浏览商品的某一页时,京东先返回一半的商品信息,另一半采用异步加载只有在滚动条到尾时才加载
所以在提取某页所有商品id时还需要构造异步请求才能真正获得所有商品id

# JDSpider/JDUrls/spiders/JDUrlsSpider.py

from scrapy_redis.spiders import RedisSpider
from JDUrls.items import JDUrlsItem
from scrapy.utils.project import get_project_settings
import scrapy
import re


class JDUrlsSpider(RedisSpider):
    # 获取指定页面中所有商品编号并整合成detail-relate url 和comment-relate url
    name = 'JDUrlsSpider'
    allow_domains = ['www.jd.com']
    redis_key = 'JDUrlsSpider'
    
    settings = get_project_settings()
    hide_url = settings['HIDE_URL']

   def parse(self, response):
       # 页面中未隐藏的所有商品编号
       nums = response.xpath('//ul[@class="gl-warp clearfix"]/li[@class="gl-item"]
				           [@data-sku]/@data-sku').extract()
				           
       keyword = re.findall(r'keyword=(.*?)&enc', response.url)[0]

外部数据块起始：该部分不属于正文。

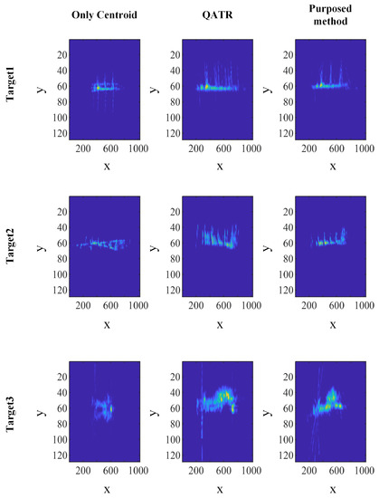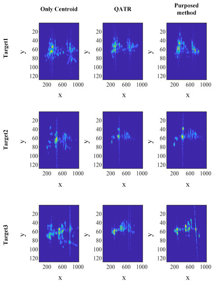 As this paper calculated the correlation between the test data and the templates to recognize ISAR images, the accuracy reflects the similarity of images after reconstruction. If the test data are similar to the templates, this means that the reconstruction process effectively reduces the influence of attitude sensitivity. Therefore, the recognition accuracy reflects the robustness of the reconstruction algorithm. The “only centroid” method only translates the ISAR images to the center, and the different images are uncorrelated, as influenced by the rotation. Therefore, the accuracy is the lowest. As with the proposed method, QATR also affines the image. However, the matching pairs of feature points are not accurate, which is influenced by the noise, strips, and angle glint, leading to rotated reconstructions that differ from the templates. The correlation between rotated images is lower, resulting in lower accuracy. The proposed method has the best robustness among these methods, and can adjust the images with different attitudes, resulting in the highest accuracy. which further proves the effectiveness of the proposed algorithm. In the future, we will focus on the effect of TP-TATR on more types of ships and different noise levels.

       # 虽然是同一个页面的商品编号,但异步加载请求隐藏的商品编号时请求的页面编号不同
       page = re.findall(r'page=(\d+)', response.url)[0]
       page = int(page) + 1

       s = ''
       for i in nums:
           s += str(i) + ','
       s = s[0:len(s)-1:]

       item = JDUrlsItem()
       item['num_list'] = nums
       yield item

       yield scrapy.Request(self.hide_url.format(keyword, page, s), callback=self.get_hidden)

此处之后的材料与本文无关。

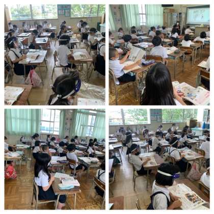 1年生のおんがくでは、気に入った音を見つけて、歌といっしょに鳴らしています。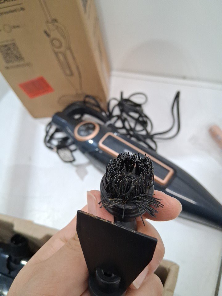 please note the main body of the steamer has some dirt/dust marks, 2 attachments have some residue and there is water left in the water chamber from previous use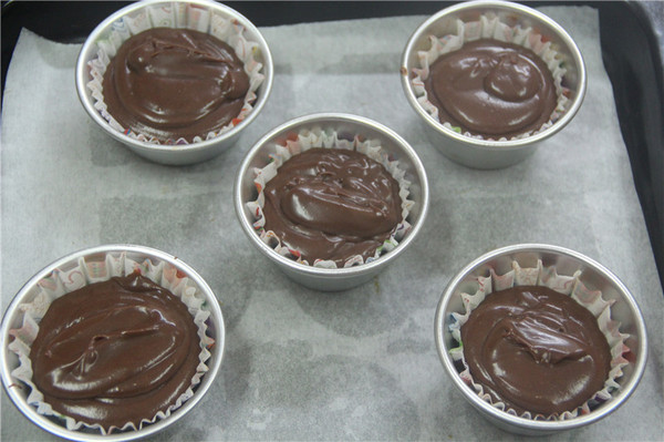 5、將攪拌好的面糊裝入裱花袋,擠入紙杯中(中號(hào)紙杯,8分滿)

   def get_hidden(self, response):
       # 页面中隐藏的所有商品编号
       nums = response.xpath('//li[@class="gl-item"][@data-sku]/@data-sku').extract()

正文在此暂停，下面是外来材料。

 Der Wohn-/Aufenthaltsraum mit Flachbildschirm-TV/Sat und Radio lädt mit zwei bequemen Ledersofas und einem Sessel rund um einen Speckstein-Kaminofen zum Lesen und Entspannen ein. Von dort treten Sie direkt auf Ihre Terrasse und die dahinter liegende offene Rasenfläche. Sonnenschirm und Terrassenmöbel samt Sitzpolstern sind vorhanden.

       item = JDUrlsItem()
       item['num_list'] = nums
       yield item

提取出商品id后构造出detail-url和comment-url并存入服务器端redis

# JDSpider/JDUrls/pipelines.py

import redis
from scrapy.utils.project import get_project_settings


class JDUrlsPipeline(object):

   def __init__(self):
       self.settings = get_project_settings()
       self.detail_url = self.settings['GOODS_DETAIL_URL']
       self.comment_url = self.settings['COMMENT_URL']

       self.r = redis.Redis(host=self.settings['REDIS_HOST'], port=self.settings['REDIS_PORT'],
                            password=self.settings['REDIS_PARAMS']['password'])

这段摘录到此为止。